Geert Asman, Premier échevin PTB à Zelzate, Steven De Vuyst, échevin, et Tom De Meester, président du PTB en Flandre-Orientale. Photo Solidaire.

La commune de Zelzate, située au Nord de Gand, sera désormais dirigée par une majorité de gauche. Le PTB sera donc au pouvoir dans une commune, et c'est une première. Le sp.a et le PTB ont conclu un accord de majorité qui opte radicalement pour la participation citoyenne, une taxation juste et une vraie politique sociale qui investit dans les gens.

Nous avons rencontré Geert Asman (tête de liste PTB à Zelzate et nouveau Premier échevin) et Tom De Meester (président du PTB Flandre-Orientale), qui ont participé aux négociations pour l'accord de majorité, accord intitulé « Een hart voor Zelzate » (un cœur pour Zelzate). « Après six ans d’une politique de droite dure au niveau de la commune, nous aurons enfin une majorité qui fait le choix d’un Zelzate juste, démocratique et social, réagit Geert Asman. Nous voulons une commune qui investisse à nouveau dans la population plutôt qu’une austérité destructrice, une majorité qui écoute la population l’implique dans les décisions de la commune. Les priorités sociales passent avant tout, et nous ne laisserons personne sur le côté.

Quels sont en gros les points les plus importants de l'accord ?

Nous baissons les taxes pour la population et les indépendants, et nous ferons davantage contribuer la grande industrie

Geert Asman. Tout d'abord, nous économisons sur le personnel politique. Il n'y aura plus de voiture de fonction pour le bourgmestre. C’est la première mesure décidée dans les négociations : rompre avec la vieille culture politique de self-service et de course aux postes. Nous supprimons aussi deux postes d’échevins. Les 100 000 euros que nous économisons ainsi seront investis dans la lutte contre la pauvreté.

Un autre point important est que nous voulons un vrai tax-shift à Zelzate. Nous baissons les taxes pour la population. Il existe actuellement une taxe sur l'environnement très impopulaire, une sorte de taxe forfaitaire pour les habitants. Nous allons la diminuer progressivement. Nous allons aussi diminuer les charges pour 600 indépendants. En même temps, nous ferons davantage contribuer la grande industrie. Les épaules les plus fortes doivent porter les charges les plus lourdes.

Tom De Meester. Nous misons aussi fortement sur la démocratie, la transparence et la participation de la population à la politique de la commune. Changer Zelzate se fera par en-bas, avec les gens. L'accord de majorité sera d'abord présenté à la population. Après trois ans, nous demanderons à la population d'évaluer le collège des bourgmestre et échevins. Les conseils consultatifs seront bien plus pris au sérieux.
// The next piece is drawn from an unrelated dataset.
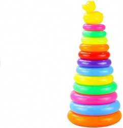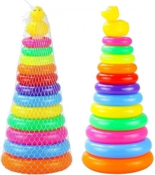 Pyramid of Rings is a classic toy that now comes in a beautifully colored version. It helps to develop not only motor skills and movement abilities of the child but also concentration, manual skills, and provides the opportunity to recognize sizes, sort by size, color shades, or according to one's own rules and logic. With this colorful toy made from safe, soft plastic, your child can have fun even during bath time. A yellow duck placed on top of the pyramid adds more fun. The Pyramid of Rings is an investment for years, opening the world of imagination and development on many levels for your child.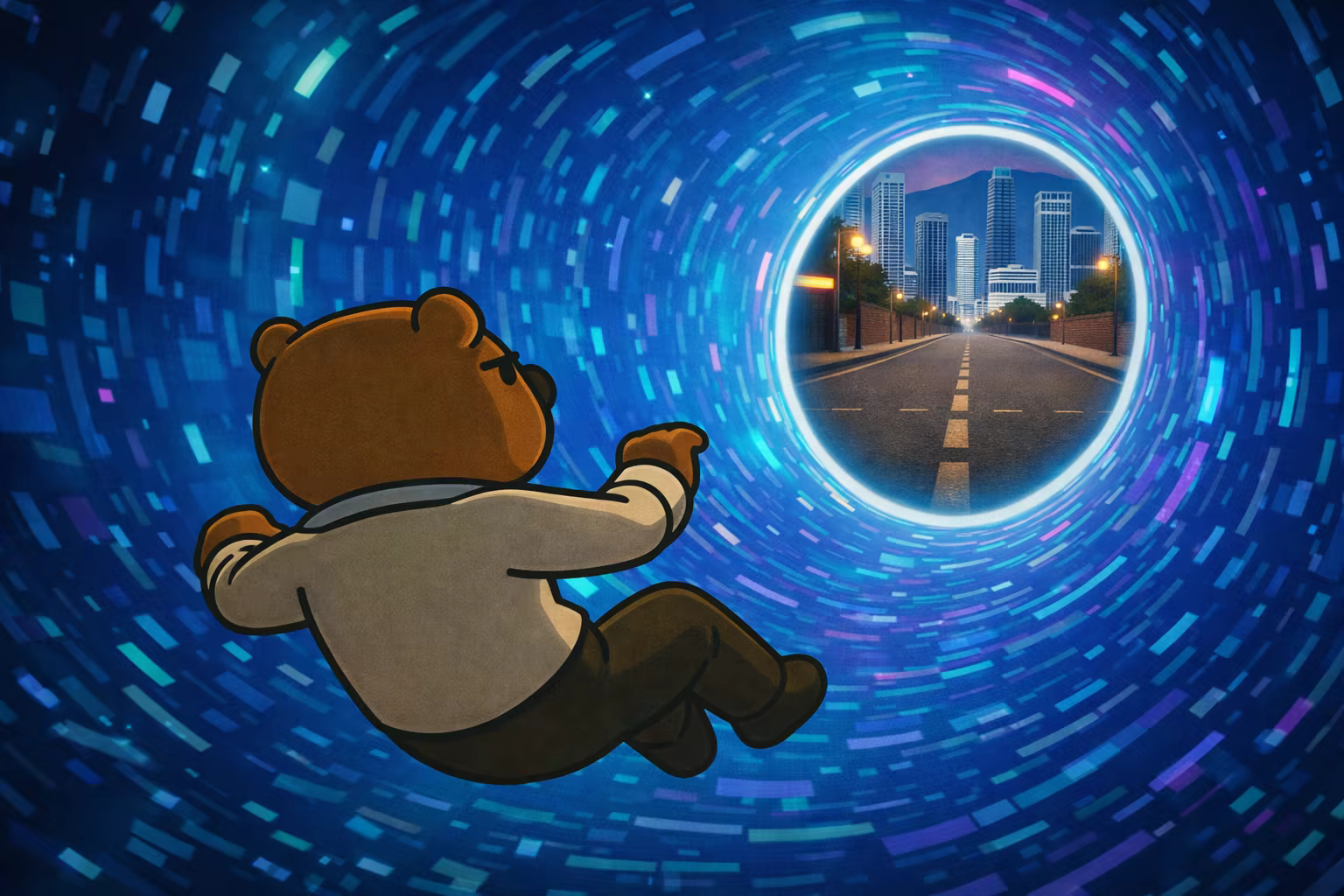 After a wild interdimensional journey, it awakens as Zen, a stylized, confident, and aggressive version of itself, trapped in an unstable urban arcade world filled with obstacles, dangers, and unpredictable situations.

Ils pourront aussi mettre eux-mêmes des points à l'agenda du conseil communal. Cela rendra par exemple impossible de balayer de la table un avis du conseil de l'environnement. Nous allons faire une grande enquête auprès des jeunes pour déterminer les priorités pour la politique de la jeunesse, comme par exemple une nouvelle salle des fêtes.

Geert Asman. Nous allons à nouveau investir dans la commune après la rage d'austérité qui a sévi ces dernières années. Cela signifie concrètement, par exemple, que nous investissons 250 000 euros par an pour la pose et la rénovation de trottoirs. Mais nous investissons aussi dans l'énergie durable, dans des panneaux solaires sur les bâtiments communaux, et nous allons aussi investir dans la culture, en engageant un mi-temps pour cela…

Nous avons travaillé en profondeur sur le contenu. Cela n'a pas du tout été : vite, vite, se partager les postes

Et puis, il y a un point particulier : nous voulons aussi investir dans les gens. Nous allons examiner comment nous pouvons revenir sur la privatisation des services de nettoyage. Nous allons augmenter le budget du CPAS. Nous allons mieux soutenir les organisations de bénévoles dans la lutte contre la pauvreté et engager du personnel, entre autres pour aider les personnes en situation de pauvreté à faire valoir leurs droits.

Comment se sont déroulées les négociations ?

Geert Asman. Les négociations se sont passées de manière constructive et dans une bonne atmosphère de confiance. Nous avons travaillé en profondeur sur le contenu. Cela n'a pas du tout été : vite, vite, se partager les postes. Nous avons réfléchi de manière approfondie à un projet d'avenir pour Zelzate.

Tom De Meester. C’est un bon accord. Bien sûr, nous avions chacun nos priorités. Pour le PTB, la question de la lutte contre la pauvreté était évidemment fondamentale, ainsi que la rupture avec la vieille culture politique, une fiscalité équitable… Cet accord est le résultat des points communs que nous nous sommes trouvés. Dans l'accord, nous reconnaissons nos priorités. Et le sp.a aussi, je pense. C’est un accord fait pour les gens, avec des accents clairs pour les priorités sociales, la démocratie participative, le climat, l’environnement, et le bien-vivre à Zelzate.

La tentative d'approche du PS s'est résumée à du mauvais théâtre politique pour faire du PTB le mouton noir et ensuite faire des coalitions avec le MR. À Zelzate, il y avait vraiment la volonté d’aboutir à un accord.

Pourquoi les négociations du PTB avec le sp.a ont-elles pu déboucher sur un accord à Zelzate mais pas par exemple à Molenbeek et à Charleroi avec le PS ?

Tom De Meester. Nous voulions bien sûr arriver à accord dans ces communes, mais il s'est très vite avéré que le PS n'en avait pas réellement la volonté. Quand on veut forcer un accord de majorité en 15 minutes, sans parler du contenu, bon...

Geert Asman. Je pense que la grande différence, c'est qu'à Zelzate, le sp.a avait vraiment la volonté d’aboutir à un accord. Nous avons vraiment négocié dans la confiance pour trouver des convergences.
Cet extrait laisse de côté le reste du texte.